▶ MATERIAL SUPPLIED
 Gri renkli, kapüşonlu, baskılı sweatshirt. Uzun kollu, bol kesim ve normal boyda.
---
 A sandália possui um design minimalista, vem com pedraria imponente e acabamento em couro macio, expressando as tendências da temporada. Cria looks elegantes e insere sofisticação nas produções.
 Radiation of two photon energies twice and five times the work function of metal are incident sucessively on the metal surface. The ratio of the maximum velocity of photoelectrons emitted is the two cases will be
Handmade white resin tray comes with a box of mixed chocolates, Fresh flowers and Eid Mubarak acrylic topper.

▶ WHAT TO WORK ON
Using the data above, repeat exactly the lines that begin at the line with "A sandália possui" and end at the line with "Handmade white resin", both ends included.

▶ SOLVED EXERCISE
 A sandália possui um design minimalista, vem com pedraria imponente e acabamento em couro macio, expressando as tendências da temporada. Cria looks elegantes e insere sofisticação nas produções.
 Radiation of two photon energies twice and five times the work function of metal are incident sucessively on the metal surface. The ratio of the maximum velocity of photoelectrons emitted is the two cases will be
Handmade white resin tray comes with a box of mixed chocolates, Fresh flowers and Eid Mubarak acrylic topper.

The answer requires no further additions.